Également déposée en 2008, cette fois par Syngenta, la demande d’autorisation pour le maïs Bt11*Mir162*Mir604*Ga21 porte également sur une sous-combinaison, le maïs Bt11*Mir162*Ga21 [15]. La décision de traiter plusieurs OGM en un seul dossier n’étant pas encore enclenchée, l’AESA demande en février 2009 de scinder la demande déposée en deux dossiers différents « pour des raisons formelles » selon Syngenta [16]. Ce qui sera fait le 6 février 2009 [17], Syngenta précisant que le dossier technique contenant les données et études relatives à ces deux maïs reste commun. L’entreprise précisait également que le maïs Bt11*Mir162*Ga21 avait été obtenu par croisements conventionnels des maïs Bt11, Mir604 et Ga21 et que des demandes d’autorisation pour les maïs Bt11*Ga21, Bt11*Mir604, Mir604*Ga21 et Bt11*Mir604*Ga21 étaient déjà en cours de traitement. Des maïs obtenus par croisement conventionnel mais qui pourraient aussi, en tant que sous-combinaisons, apparaître au champ après mise en culture du maïs empilé Bt11*Mir162*Mir604*Ga21.

Et justement, en 2013, alors que la pratique de traiter un OGM empilé et ses sous-combinaisons est inscrite dans le règlement 503/2013, la demande déposée en 2008 est à nouveau modifiée le 5 juillet 2013 par Syngenta. Il ne s’agit plus de scinder une demande en plusieurs mais au contraire, de fusionner plusieurs demandes en une seule. Dans son courrier à la Commission européenne [18], l’entreprise déclare « être d’accord  » pour que sa demande d’autorisation du maïs Bt11*Mir162*Mir604*Ga21 concerne également ses dix sous-combinaisons, à l’exception notable du maïs Mir162*Mir604*Ga21 sans qu’une explication ne soit fournie (mais cette sous-combinaison sera finalement couverte par l’autorisation comme nous le verrons). À en croire le courrier de Syngenta du 5 juillet 2013, ce serait la Commission européenne qui serait à l’origine de cette demande d’élargissement à toutes les sous-combinaisons et la fusion des demandes déjà déposées par lettre du 28 juin 2013, soit le jour d’entrée en vigueur du nouveau règlement 503/2013 !
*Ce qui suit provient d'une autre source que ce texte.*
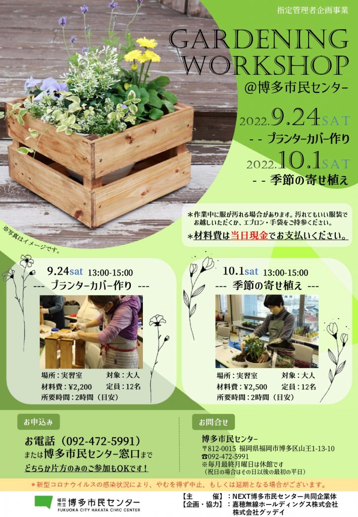 入場料 材料費: ①9/24 「プランターカバー作り」2,200円(税込)  ②10/1 「季節の寄せ植え」2,500円(税込)
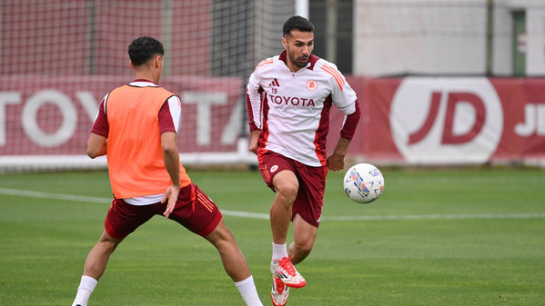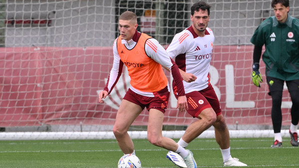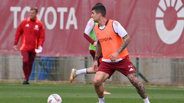 La seduta di oggi è iniziata con alcuni esercizi di riscaldamento ad alta intensità sotto l'incoraggiamento dello staff di mister Ranieri. Poi, i giocatori sono stati divisi in due squadre e si è svolta la consueta partitella. Complimenti per Lorenzo Pellegrini, per una bell'apertura verso Angelino, Zeki Celik, Matias Soulé, uno dei più attivi, e soprattutto per Mile Svilar. Il portiere, in grande forma, sfodera una gran parata proprio sull'argentino e riceve gli applausi da parte dello staff. Infine, durante la sessione di tiri finali, grande ovazione anche per Stephan El Shaarawy, che infila sotto al sette un pallone imprendibile per l'estremo difensore della Roma. Ecco il video dell'allenamento.
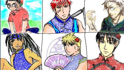 そして次のお題は「チャイナ服」 フュリー/和崎さま、 ジョイ(オリキャラ)/古賀さま、 ヒューズ/SINさま エンヴィー/りょうさま、 ハボ/葉月さま、 ロイ/坂下さま フュリー、チャイナ服が凄い自然です。とってもカワイイv頭の花も違和感なし(笑) ジョイvvカッコいい〜〜〜っっvvv改めて惚れ直しましたっv ヒューズ、渋いです、ステキですvこんなヒューズなら惚れるって思いましたv エンヴィー、りょう様、絵チャでお絵かき初めてとは思えぬ素晴らしさです。脚がいかにもエンヴィーっぽくてv 次回も期待してますvv ハボ、うふふふふ、カワイイ〜〜〜vvいやん、是非全身で見たかったなぁ。 「ドレス」を引き当ててくださった葉月さまに感謝です(笑) そしてロイ!美人だっっvvvメチャメチャ美人だ〜〜vvちょっと照れてるロイが最高にステキです。 是非スリットから覗く脚が見たかったっ! でもってまたもや欲さまと小話させていただきました。いつもステキなお話に導いてくださる欲さま、凄いです。 そうして今回もあっと今に3時になってました。ホント楽しい時間は過ぎるのが早いです。 正月らしく華やかな絵が続いて本当に眼福v最高のお年玉でした。 今回も楽しく遊んでくださった皆様、本当にありがとうございましたv そして葉月さま、大盛況でお疲れ様&ありがとうございましたv |
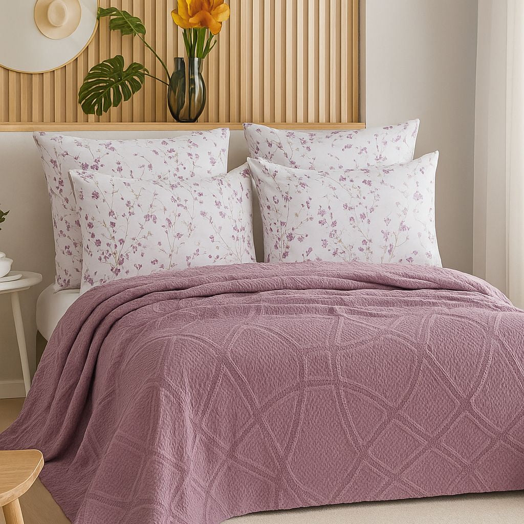 • غطاء سرير بنفسجي أنيق بملمس ناعم ونقشة هندسية بارزة.
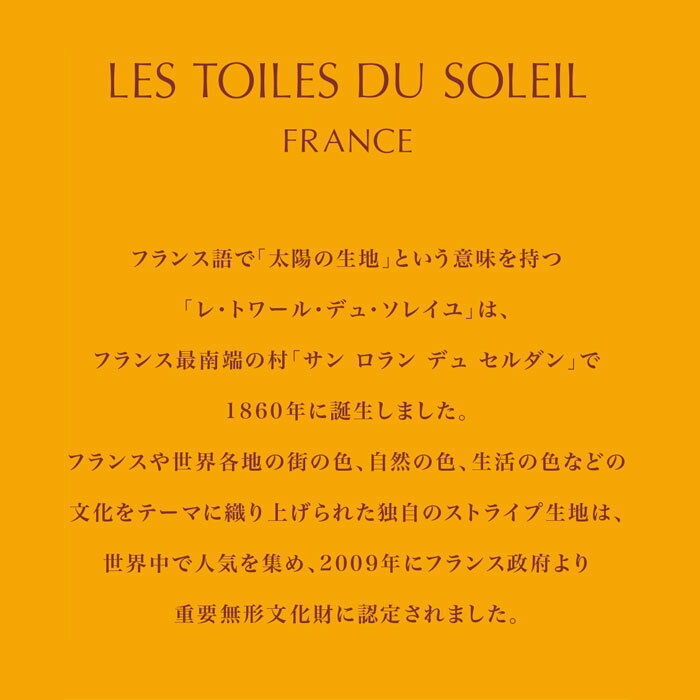 ・「レ・トワール・デュ・ソレイユ」とは、フランス語で「太陽の生地」という意味。
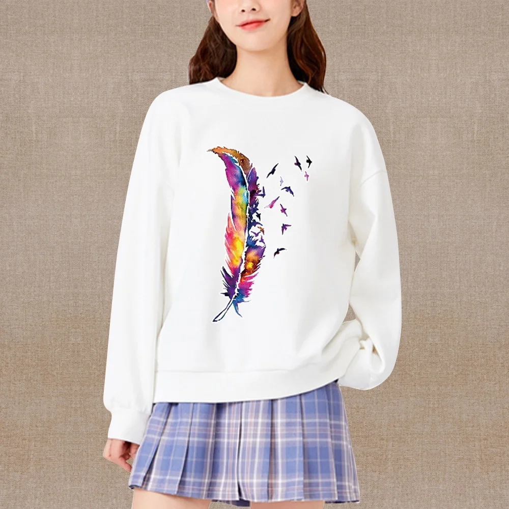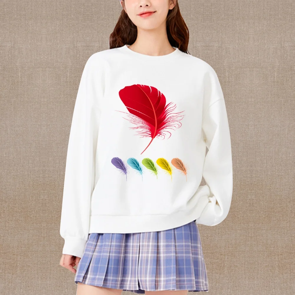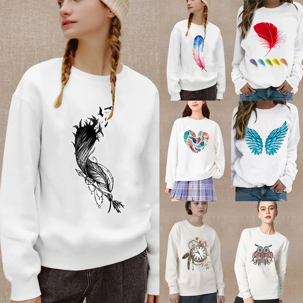 Женская толстовка с длинным рукавом, модный белый пуловер, серия с принтом цветных перьев и круглым вырезом, повседневная Осенняя теплая мягкая толстовка
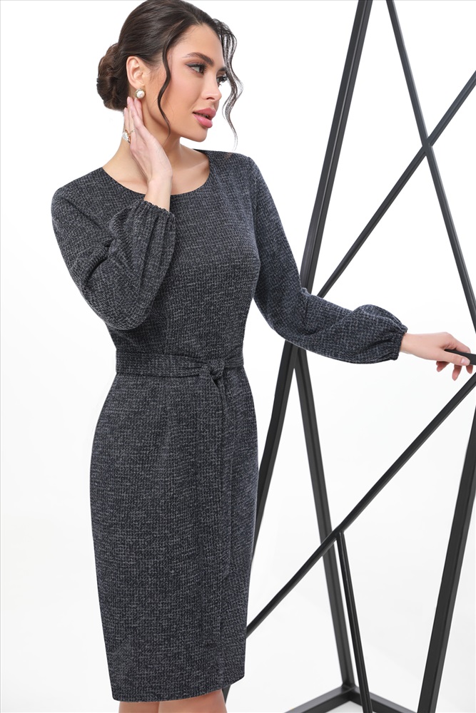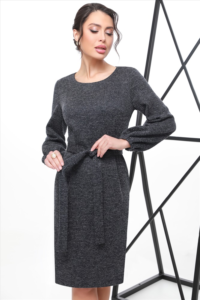 Теплое трикотажное платье в лаконичном стиле — утонченная модель, которая станет фаворитом на все случаи жизни. Полуприлегающий фасон красиво обрамляет фигуру и не стесняет движений. Но если вам не хватает женственных акцентов, всегда можно подчеркнуть талию с помощью пояса из комплекта. Изюминка платья — длинные широкие рукава со сборками на резинке. Они смотрятся оригинально и придают образу легкости, нежности и женственности. Платье выполнено из плотного, мягкого на ощупь трикотажа, который хорошо держит форму, дарит ощущение тепла и уюта. Дополните модель крупными украшениями и акцентным ремешком, чтобы наряд из делового превратился в вечерний. Рекомендуется стирать изделие в деликатном режиме без отжима при температуре до 30 градусов и сушить в расправленном виде.
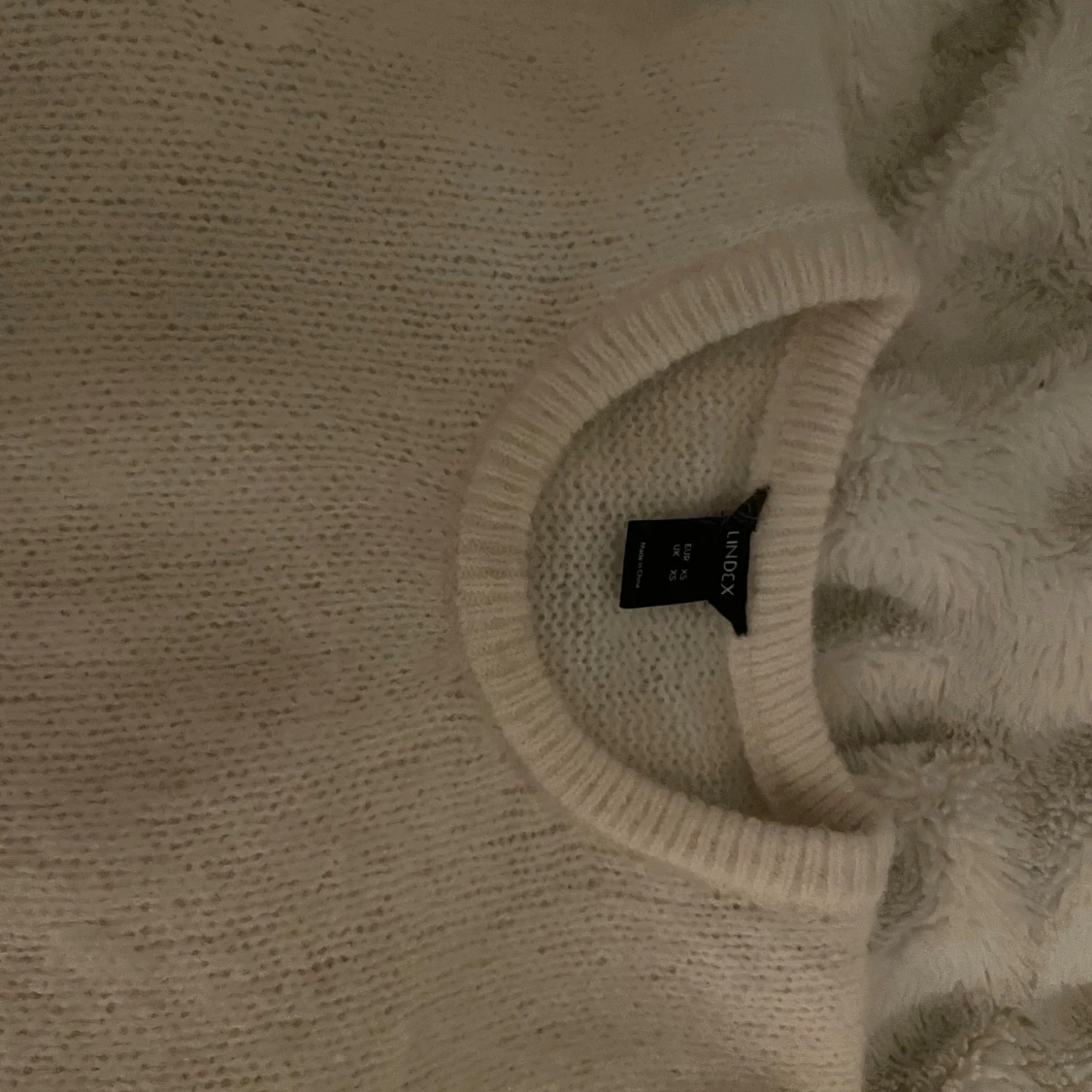 Supermysig beige stickad tröja från Lindex i storlek XS. Tröjan har korta ärmar, rund halsringning och ribbade muddar.
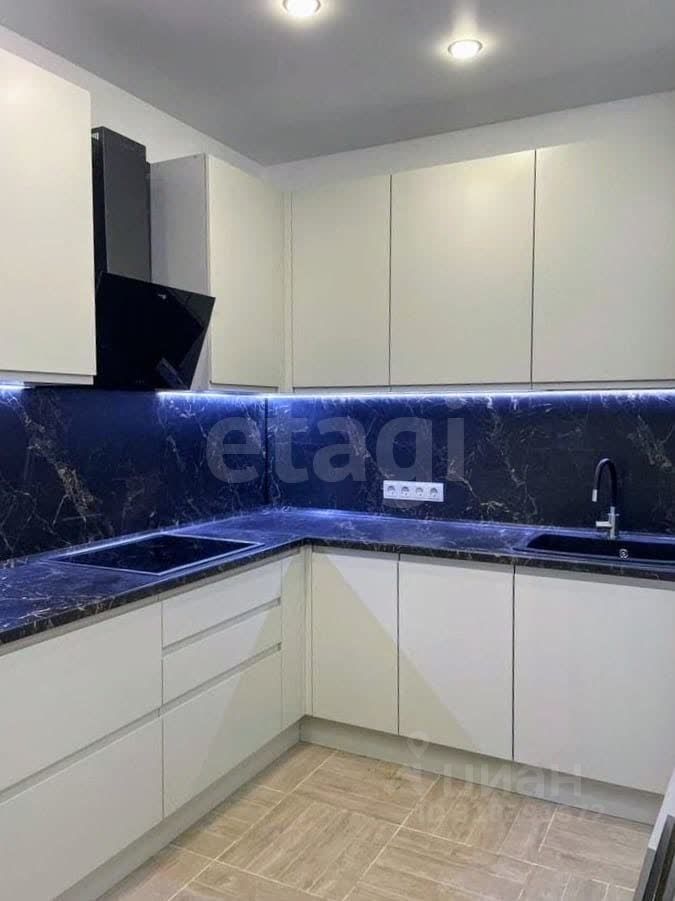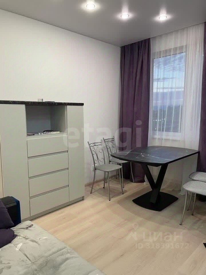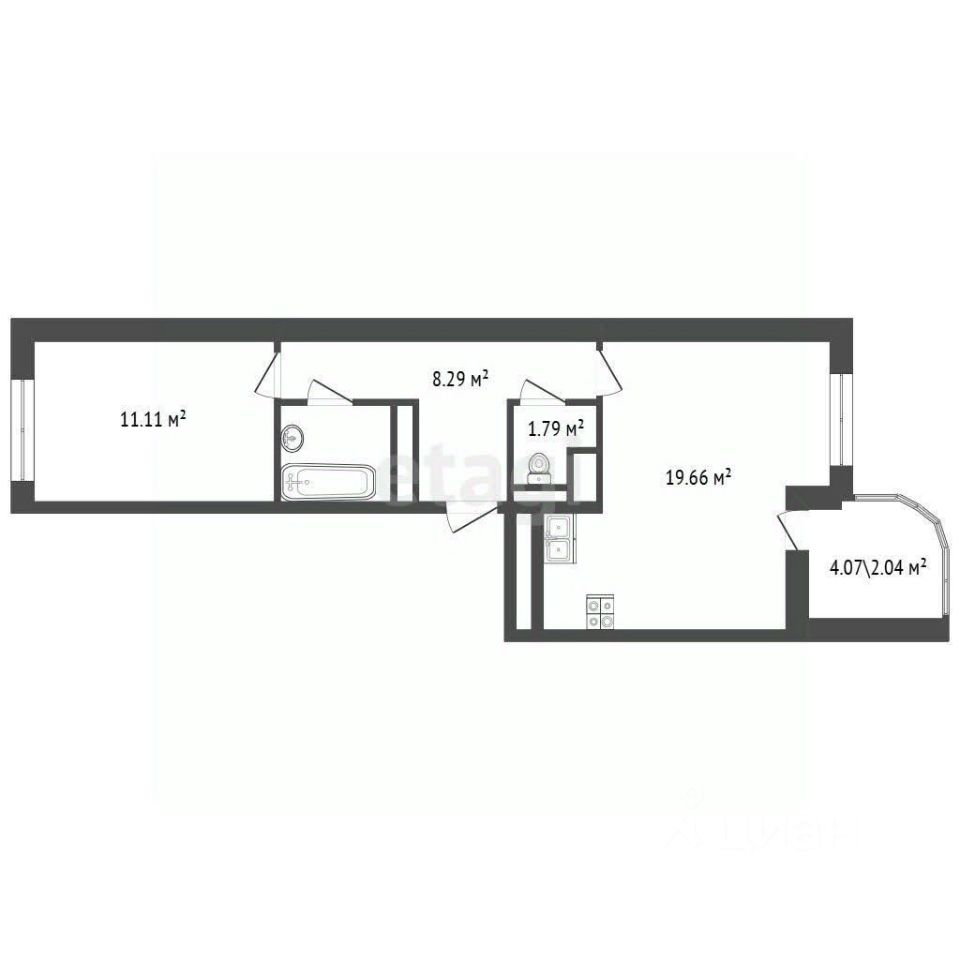 Площадью 46 м² расположена на 12 этаже жилого комплекса "Энфилд". Двусторонняя планировка обеспечивает хорошее естественное освещение и панорамные виды из окон. Просторная кухня-гостиная с выходом на лоджию позволяет гибко организовать пространство — зонирование легко реализовать с помощью мебели или легких перегородок, сохранив при этом ощущение простора. В квартире остаётся мебельный гарнитур от "Агстрем" со встроенной техникой: посудомоечной машиной, духовым шкафом и стиральной машиной.
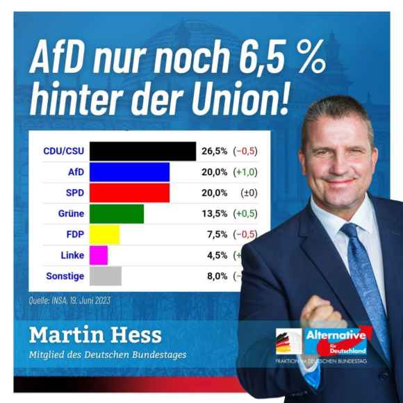 E perché questo ci riguarda direttamente, mentre lo scontro sul Mes pare assumere toni sempre più da conto alla rovescia non solo con l’Europa, ma anche all’interno dello stesso Governo? Primo, il Nord Italia è dipendente in maniera sostanziale dal ruolo di subfornitura e fabbricazione macchinari per l’industria e la manifattura teutonica. Tradotto, il tonfo attuale arriverà come uno tsunami a fine estate sugli ordinativi. In piena contrazione del credito. E con l’Emilia-Romagna azzoppata, quindi con una voce del Pil che verrà a mancare nel suo ruolo di traino. Secondo, ce lo mostra questa immagine finale: stando a un sondaggio Insa a livello nazionale e pubblicato due giorni fa, Alternative fur Deutschland è oggi seconda forza politica del Paese alla pari con l’Spd del Cancelliere in carica. E a soli 6,5 punti percentuali dall’Unione democratico-cristiana.
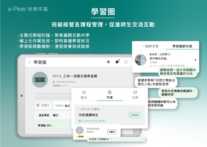 【e-Peer共學平臺】 輔助教師適性教學 & 培育學生素養能力
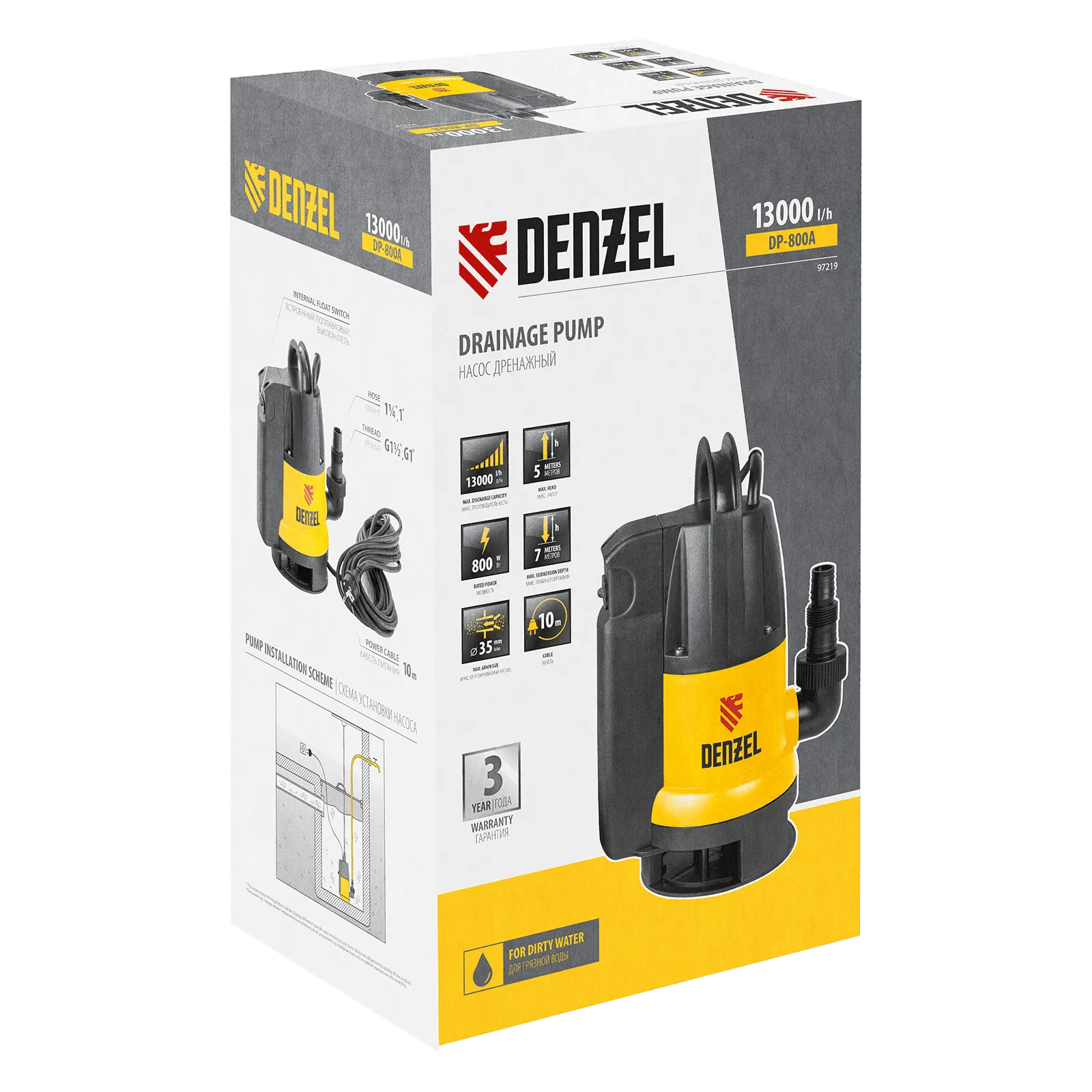 Дренажный насос Denzel DP800A 97219 мощностью 800 Вт и производительностью 13000 л/ч обеспечивает высоту подъема 5 м и подходит для откачки грязной воды с включениями диаметром до 35 мм из резервуаров, подвалов, погребов, канав. Используется также для подачи чистой воды из колодцев и организации систем полива.

Une nouveauté supplémentaire apparaît. Syngenta annonce également « être d’accord » pour que les décisions d’autorisations déjà délivrées soient abrogées « quand les OGM empilés seront autorisés » ! Une nouveauté par rapport au précédent dossier du maïs MON89034*1507*MON88017*59122 pour lequel les sous-empilements déjà autorisés le restaient dans le cadre de leur précédente autorisation.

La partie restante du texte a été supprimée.